十五年前、台風による大雨で自宅近くの川が氾濫する恐れがあるということで通っていた小学校の体育館に母親と避難した。

外はすっげー雨で風も凄くて車から出る時もびしょびしょになったのを憶えている。

体育館には避難してきた人達が沢山いた。

多分お年寄りが多かったと思う。

母親は近所の人とおしゃべりしてて俺は何してたんだろ。

あんま憶えてないんだよな。

あ、せっかく体育館来たんだからバスケしたいなとか思ってた。

体育館はやたらと寒かった、確か夏だったはずなのに。

記憶は朧げでしかないのに、その中でも異彩を放つのがあの人だった。

寒いとはいえ夏なのに毛布でぐるぐる巻きにした何かを抱えて体育館の隅に座っていた。

俺はその人が気になってチラチラ見てたけど、その人はずっと座ったままだった。

ずっと一瞬も見逃さず見てたわけじゃないけど、何もしていなかったと思う。

ただ静かに時が過ぎるのを待っている、そんな感じだった。


でも今日その人が抱えていたのが女の人だったことがわかって、まあ長年の謎は解けたわけだ。
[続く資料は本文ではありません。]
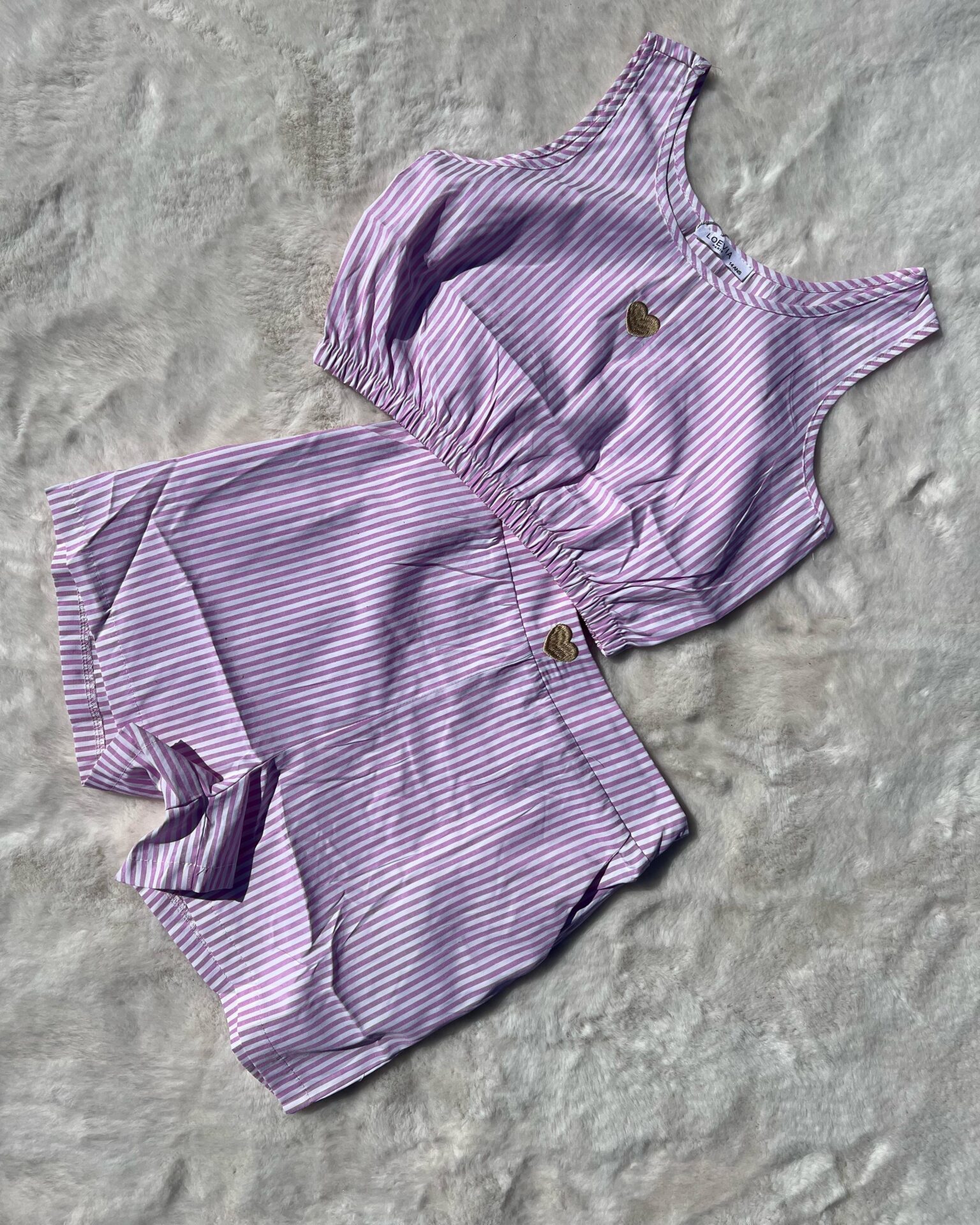 Stralend en speels! Dit prachtige tweedelige outfit bestaat uit een roze hemdje en bijpassende short, beide afgewerkt met fijne witte streepjes. Het hemdje heeft een comfortabele pasvorm met een elastische taille en een ronde halslijn. Op de borst siert een subtiel goudkleurig hartje, dat het geheel een lieve en stijlvolle touch geeft. De short sluit perfect aan en heeft charmante splitjes aan de zijkanten voor extra bewegingsvrijheid. Ideaal voor zonnige dagen of relaxte momenten in stijl!

彼女なのか、妻なのか、妹は膝に乗せたりしないよな、俺乗せないもん。

小学校の体育館とは思えない、本当に不思議な光景だった。

何というか、美しかったのだ、単純に。

映画のエンディングのような、オープニングのような。

一度終わった物語がここから動き出すような。

主人公じゃないんだけどスピンオフ出してもらえるような人気キャラの佇まいを醸し出していた。

きっと膝に乗せていた女性も美人だろう。

そうに決まってる。

あれほどの男が選んだ女性が美人でないわけがない。


もっと早く聞きゃ良かった。

十年以上忘れられなかったんだもんな。

何か異常に印象に残ってて。

漫画のお気に入りシーンみたいと言うか、絵画を見てる気分にさせられるというか、失恋ソングのミュージックビデオを見てるみたいな。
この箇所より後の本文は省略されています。